Investigation: Handle retrying failing deletes that result to infinite loops

added Category:Container Registry devopspackage maintenanceusability sectionops typemaintenance labels

added groupcontainer registry sectionci labels and removed sectionops label

marked this issue as related to #460274

mentioned in issue #460274

Thanks for raising this @adie.po!

@trizzi, can we get this scheduled?

17.3 is looking tight, but I'll try.

changed milestone to %17.3

changed milestone to %17.4

mentioned in issue #474274 (closed)

added Deliverable Engineering Time rails workflowrefinement labels

added Package:P1 label

Overview

The ContainerRegistry::DeleteContainerRepositoryWorker runs when there are container repositories that have the status delete_scheduled. Once picked up, the container repository's status is updated to delete_ongoing.

During deletion, failures can occur due to timeouts, network errors, permission issues, etc., and can be either transient or permanent.

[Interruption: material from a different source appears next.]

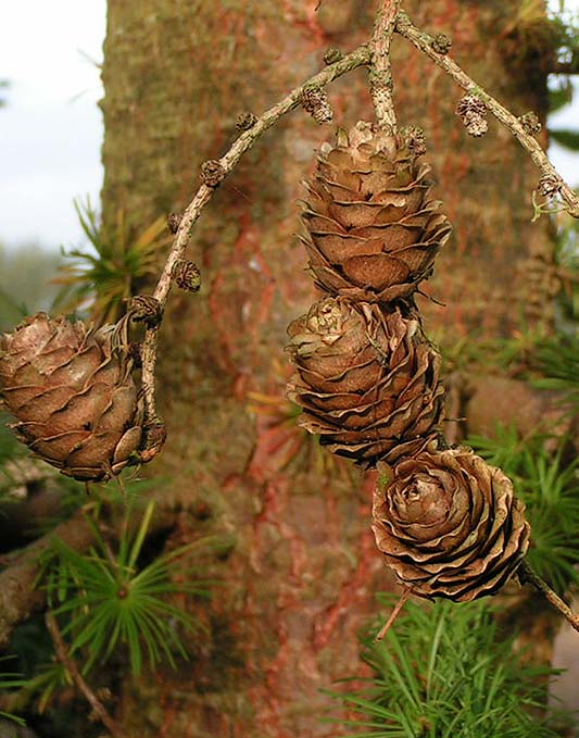 Amethystperlchen... :DSo macht der Herbst uns doch Freude. Mit poetischen Zwischentönen. Schön wieviele Leute hier das Kleine ehren. :)Nicht vergessen wollen wir aber auch die zahlreichen Zapfen. Hier von Larix kaempferi , der japanischen Lärche.Davon habe ich im Anfängerrausch gleich 3 gepflanzt vor 6 Jahren. Die sind mir jetzt über den Kopf gewachsen und leider auch zu grenznah an Bäuerleins Land.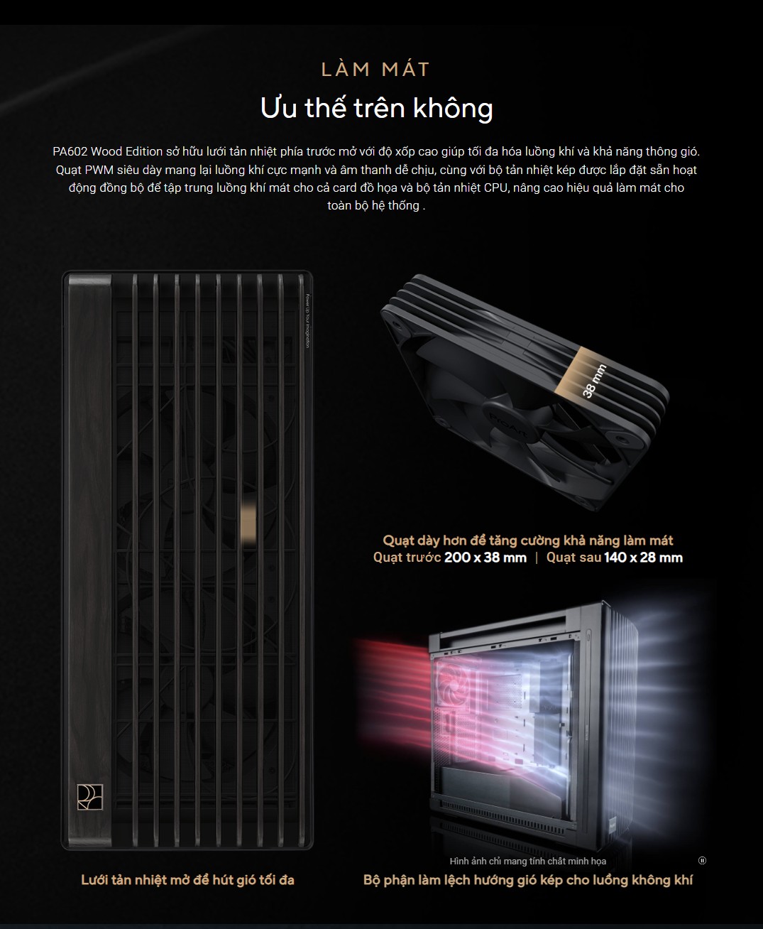 Vỏ case nổi bật với mặt trước ốp gỗ (Wood Edition) và tấm lưới tản nhiệt được thiết kế tinh xảo, mang lại vẻ ngoài thanh lịch, ấm áp, phù hợp với không gian làm việc chuyên nghiệp.

When the worker fails, the container repository's status is set back to delete_scheduled so it can be picked up the next time a new worker instance runs. This works great for intermittent errors where the deletion can succeed in the next run. But for more permanent issues, the container repository fails every time leading to an endless loop on the workers.

Problem

For the case in #460274, the DeleteContainerRepositoryWorker runs with a container repository and fails when deleting tags due to permission errors. These errors are permanent and cannot be resolved with retries until the permissions are fixed

To illustrate, the following happens:

A new worker instance is started, Worker A
Worker A picks up the next container repository that has the status: delete_scheduled.
Worker A picked up Container Repository 1 and sets its status as delete_ongoing
Worker A attempts to delete the tags of Container Repository 1
The tag deletion fails and Worker A sets the status of ContainerRepository 1 back to delete_scheduled
Worker A successfully completes.
A new worker instance, Worker B, is started as there are still container repositories with status: delete_scheduled
Worker B then picks up the next container repository for deletion, and picks up Container Repository 1 again
Worker B does the same thing from Step 3 - 7, fails, sets the status back, and successfully completes.
A new instance gets started again and the loop continues.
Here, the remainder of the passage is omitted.